The BBC has partially upheld complaints of inaccuracy and bias against its Middle East editor Jeremy Bowen in an online article about the Six-Day War. Another complaint over a radio broadcast about an Israeli settlement made by Mr Bowen in January 2008 was also partially upheld.
In respect of the article published on the BBC website in June 2007, the BBC found that the author “should have done more to explain that there were alternative views on the subject which had some weight”.

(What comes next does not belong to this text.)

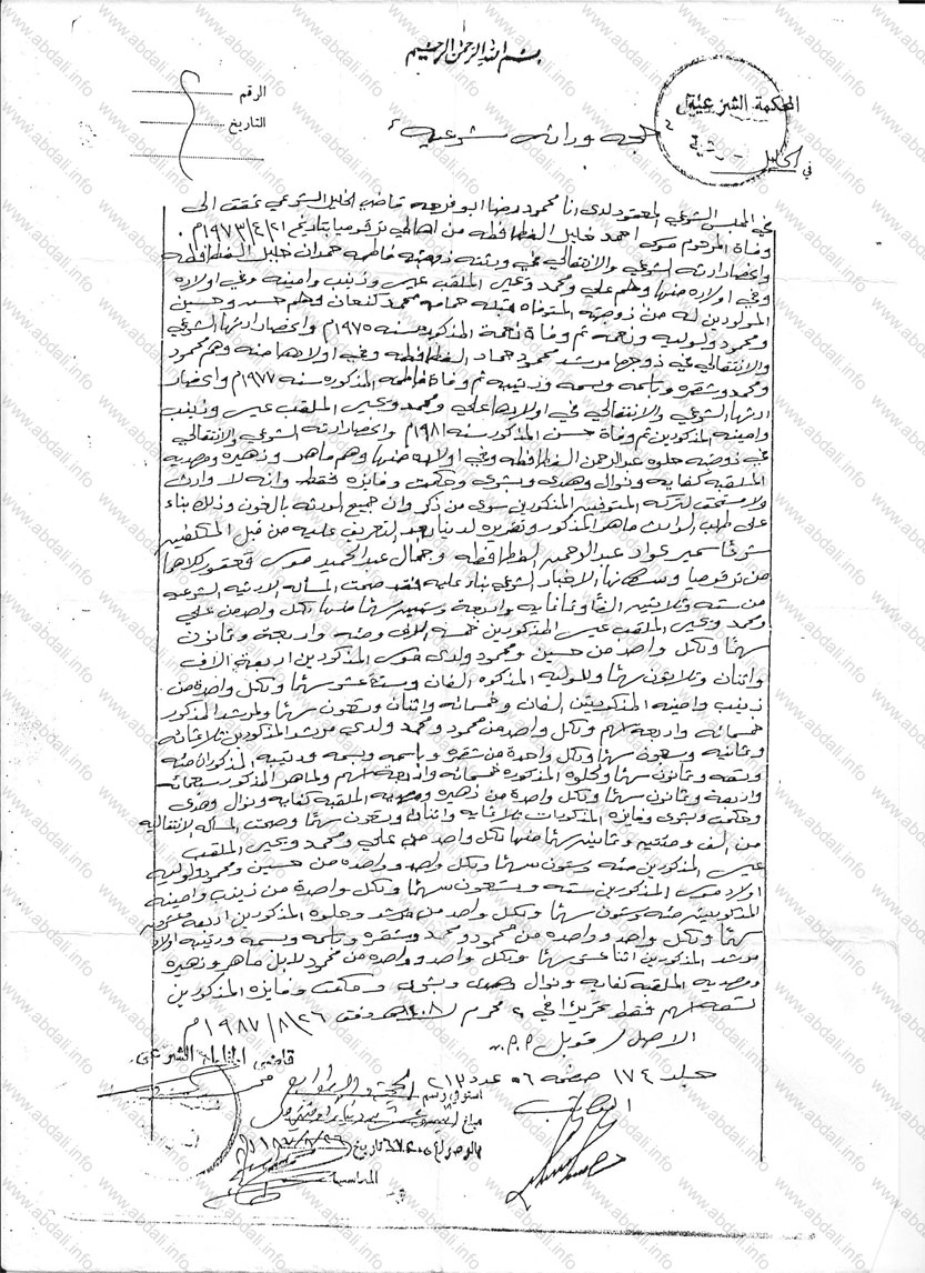 حتى لا نسمع أي مزاودة من أحد فأنا من طالبه ورثة البنات بحقه في إرث جدي ومن يدعي أنه عنده تنازل إذا كان هذا التنازل لم يسجل لدى المحاكم عن الحصة إلارثية أي إدعاء خارج هذا النطاق فهو باطل ومن يريد الإلتفاف على حكم الشرع فهو حر بإمكانك أن تخدع الناس لكنك لا تستطيع خداع رب الناس فاتقوا الله ويعلّمكم الله.

In the piece, marking the 40th anniversary of the Six-Day War, Mr Bowen wrote: “The myth of the 1967 Middle East war was that the Israeli David slew the Arab Goliath. It is more accurate to say that there were two Goliaths in the Middle East in 1967. The Arabs, taken together, had big armed forces, but they were not ready for combat.”
He went on: “The Jewish Goliath had never been in better shape, and knew it, or rather its leaders did.”
The article brought separate, but similar, complaints of inaccuracies and bias against Israel from Jonathan Turner, a London lawyer and Zionist Federation member, and Gilead Ini, a research analyst at the Boston-based Camera, the Committee for Accuracy in Middle East Reporting in America.
Dissatisfied with the BBC’s initial response, they took their case to the Editorial Complaints Unit, which supported Mr Bowen. They then appealed to the Editorial Standards Committee of the BBC Trust, which has ruled that the article “breached the guideline on impartiality”. The article had also breached guidelines on accuracy in three out of 11 instances cited by Mr Turner.
The appeal body reached its decision after taking the view of two historians with different opinions on the conflict, Sir Martin Gilbert and Professor Avi Shlaim. Complaints of inaccuracy rejected included one that the settlements had been a “catastrophe” for the Palestinians.
The committee also rejected most of the complaints by Mr Turner against Mr Bowen’s broadcast on the Israeli settlement of Har Homa, outside Jerusalem, on Radio Four’s From Our Own Correspondent. But it found a comment that the settlement was considered illegal by the US to be inaccurate.
Mr Turner is “very pleased that a chink has opened. Generally, they insist that coverage is all perfectly impartial.”